Rosie still found it difficult to equate the motivated and single-minded mother she knew with the dewy-eyed college senior who’d thrown in her lot to support the brash and ambitious son of a longtime Maple Hill family.
Hal Erickson had built a large, successful construction company in Boston. When his father passed away, he sold his business and took over the helm of his father’s Berkshire Construction in Maple Hill. He’d maintained the company’s reputation for quality work, got involved in bringing business to the community. He’d been serving his second term on the town’s Industrial Growth Committee, and Rosie had been in the middle of her first term, when Jay had the accident. The projects under way at the time were stalled by his death, and Tolliver Textiles had backed out of the deal. The committee had been dormant until its resurrection at the fall festival dinner. She was convinced that if she was staying here, she had to take a hand in strengthening business.
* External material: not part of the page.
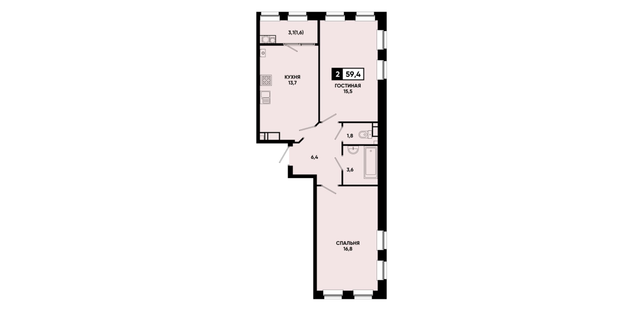59,4 м²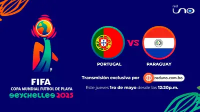 Este jueves 1 de mayo, la Red Uno de Bolivia llevará a cabo la transmisión del partido entre las selecciones de Portugal y Paraguay por el Mundial de Fútbol Playa 2025, a través de su sitio web oficial reduno.com.bo. El encuentro arrancará a las 12:30 (hora boliviana), ofreciendo una alternativa diferente para disfrutar el feriado.

But someone wasn’t happy about the plan, according to a message left on her answering machine several days ago. She hadn’t recognized the voice and caller ID had been blocked, so she’d just erased the vaguely threatening request that she let the textile plant remain in Boston.
It was impossible to please everyone, but she thought once she had Tolliver Textiles firmly interested in moving to Maple Hill, she’d ask Haley Megrath of the Maple Hill Mirror to report on the process of making the project happen from the Environmental Impact Statement on the parcel of land in question, to the construction of the building so that fears were allayed.
Frankly, she was grateful for the challenging project, even though real work wouldn’t begin until the new year.
She didn’t know how long it took other people to recover from loss, but she suspected she wasn’t even halfway there. She kept going because she didn’t know what else to do. And she had the feeling that if she stopped or gave up, her mother and sister might flounder with her.
And then there was her nephew, Chase; all he really had was the three of them. She had to keep going.
Rosie went back to the gift cataloging she’d been doing before her mother had modeled the pink suit. A corner of the large living room had been turned into a receiving area and temporary storage. Francie and Derek Page, her fiancé, had opened gifts as they’d arrived, and left the cards in the item or attached to it as Rosie had advised. Now she was being a helpful big sister and making Francie a list for thank-you notes.
“You’re sure your services don’t include writing the notes?” Francie had said, looking forlornly at the sea of gifts.
Rosie had shaken her head. “Hey, you’re the blushing bride. That’s your job.”
“I’ll pay you.”
“There’s not enough money in the world.” When she’d married Matt six years ago, their treasure trove of gifts had looked a lot like this. And she’d written thank-yous in her spare time from Thanksgiving to Christmas.
Matt. She didn’t want to think about him, though when he arrived, she’d be forced to. Until then she was going to pretend, just as she’d been pretending for the past year, that he’d never come into her life.
“Aunt Rosie!” Chase raced in, arms wide like the wings of an airplane. “Look! I’m a navy Tomcat!”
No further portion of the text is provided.